▶ Exercise aim:
Word for word, set down every line of the entries below from the line with "Дитячий ігровий комплекс" to the line with "White duvet cover", including both, and no other line.

▶ Dataset extract:
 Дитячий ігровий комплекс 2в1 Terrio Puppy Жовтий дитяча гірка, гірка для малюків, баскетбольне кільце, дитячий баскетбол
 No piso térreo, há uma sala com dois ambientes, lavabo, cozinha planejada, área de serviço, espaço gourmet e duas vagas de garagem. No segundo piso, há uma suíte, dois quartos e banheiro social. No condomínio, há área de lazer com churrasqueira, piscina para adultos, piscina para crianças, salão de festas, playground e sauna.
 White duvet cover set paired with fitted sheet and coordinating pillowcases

...

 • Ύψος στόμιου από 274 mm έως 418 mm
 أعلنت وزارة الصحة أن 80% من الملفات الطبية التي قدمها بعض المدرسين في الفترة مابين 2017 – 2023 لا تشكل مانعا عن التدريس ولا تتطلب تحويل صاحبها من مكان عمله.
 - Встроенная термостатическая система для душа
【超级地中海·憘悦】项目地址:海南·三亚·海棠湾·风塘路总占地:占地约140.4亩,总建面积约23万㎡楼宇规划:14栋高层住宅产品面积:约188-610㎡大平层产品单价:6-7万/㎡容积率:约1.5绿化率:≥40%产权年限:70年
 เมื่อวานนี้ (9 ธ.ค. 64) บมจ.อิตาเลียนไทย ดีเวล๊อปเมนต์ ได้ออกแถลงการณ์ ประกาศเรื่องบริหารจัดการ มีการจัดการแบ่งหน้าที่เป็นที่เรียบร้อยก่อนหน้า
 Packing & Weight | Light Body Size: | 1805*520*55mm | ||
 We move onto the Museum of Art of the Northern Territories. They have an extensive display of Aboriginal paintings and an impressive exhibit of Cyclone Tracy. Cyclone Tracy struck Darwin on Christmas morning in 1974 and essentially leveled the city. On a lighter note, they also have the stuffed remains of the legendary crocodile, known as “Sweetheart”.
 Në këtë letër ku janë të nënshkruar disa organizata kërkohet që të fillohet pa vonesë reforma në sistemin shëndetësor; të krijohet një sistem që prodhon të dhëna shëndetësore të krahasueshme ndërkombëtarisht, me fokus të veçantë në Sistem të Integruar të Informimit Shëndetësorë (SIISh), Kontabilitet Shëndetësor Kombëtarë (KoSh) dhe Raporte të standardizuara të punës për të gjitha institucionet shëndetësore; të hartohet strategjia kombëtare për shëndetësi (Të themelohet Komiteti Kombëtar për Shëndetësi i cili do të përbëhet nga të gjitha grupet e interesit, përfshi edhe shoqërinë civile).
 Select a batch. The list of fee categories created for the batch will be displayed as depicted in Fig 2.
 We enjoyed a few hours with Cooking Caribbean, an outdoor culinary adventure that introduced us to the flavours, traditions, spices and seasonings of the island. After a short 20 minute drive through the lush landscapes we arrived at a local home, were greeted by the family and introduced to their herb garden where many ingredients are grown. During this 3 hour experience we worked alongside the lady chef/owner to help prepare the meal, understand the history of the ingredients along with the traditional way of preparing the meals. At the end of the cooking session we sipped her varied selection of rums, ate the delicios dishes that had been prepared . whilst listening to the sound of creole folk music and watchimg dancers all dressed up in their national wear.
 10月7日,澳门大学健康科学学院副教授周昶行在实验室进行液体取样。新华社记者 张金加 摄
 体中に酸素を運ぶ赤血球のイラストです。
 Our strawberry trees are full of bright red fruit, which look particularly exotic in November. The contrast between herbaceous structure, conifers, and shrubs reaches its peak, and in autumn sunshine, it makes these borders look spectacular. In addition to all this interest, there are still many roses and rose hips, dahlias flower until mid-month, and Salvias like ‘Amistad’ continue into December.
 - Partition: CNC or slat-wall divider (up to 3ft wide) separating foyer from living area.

...

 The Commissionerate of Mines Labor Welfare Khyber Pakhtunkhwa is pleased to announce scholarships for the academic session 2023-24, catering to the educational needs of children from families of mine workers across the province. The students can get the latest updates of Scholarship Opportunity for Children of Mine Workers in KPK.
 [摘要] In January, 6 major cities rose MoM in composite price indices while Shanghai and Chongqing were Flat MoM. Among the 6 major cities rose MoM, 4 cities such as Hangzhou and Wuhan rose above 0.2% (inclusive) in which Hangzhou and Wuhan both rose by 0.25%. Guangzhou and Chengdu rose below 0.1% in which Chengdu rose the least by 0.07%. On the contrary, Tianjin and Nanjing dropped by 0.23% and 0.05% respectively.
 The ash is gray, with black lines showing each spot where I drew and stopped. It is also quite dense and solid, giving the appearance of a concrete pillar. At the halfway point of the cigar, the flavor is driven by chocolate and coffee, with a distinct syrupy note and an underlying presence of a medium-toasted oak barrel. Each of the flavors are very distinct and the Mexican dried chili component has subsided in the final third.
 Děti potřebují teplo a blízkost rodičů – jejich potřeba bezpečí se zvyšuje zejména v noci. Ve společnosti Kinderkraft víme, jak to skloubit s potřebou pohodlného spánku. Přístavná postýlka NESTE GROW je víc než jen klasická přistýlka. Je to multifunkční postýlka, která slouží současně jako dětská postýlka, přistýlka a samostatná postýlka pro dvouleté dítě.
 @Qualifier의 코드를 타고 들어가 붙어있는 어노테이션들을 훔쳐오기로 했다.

▶ Solution:
 Дитячий ігровий комплекс 2в1 Terrio Puppy Жовтий дитяча гірка, гірка для малюків, баскетбольне кільце, дитячий баскетбол
 No piso térreo, há uma sala com dois ambientes, lavabo, cozinha planejada, área de serviço, espaço gourmet e duas vagas de garagem. No segundo piso, há uma suíte, dois quartos e banheiro social. No condomínio, há área de lazer com churrasqueira, piscina para adultos, piscina para crianças, salão de festas, playground e sauna.
 White duvet cover set paired with fitted sheet and coordinating pillowcases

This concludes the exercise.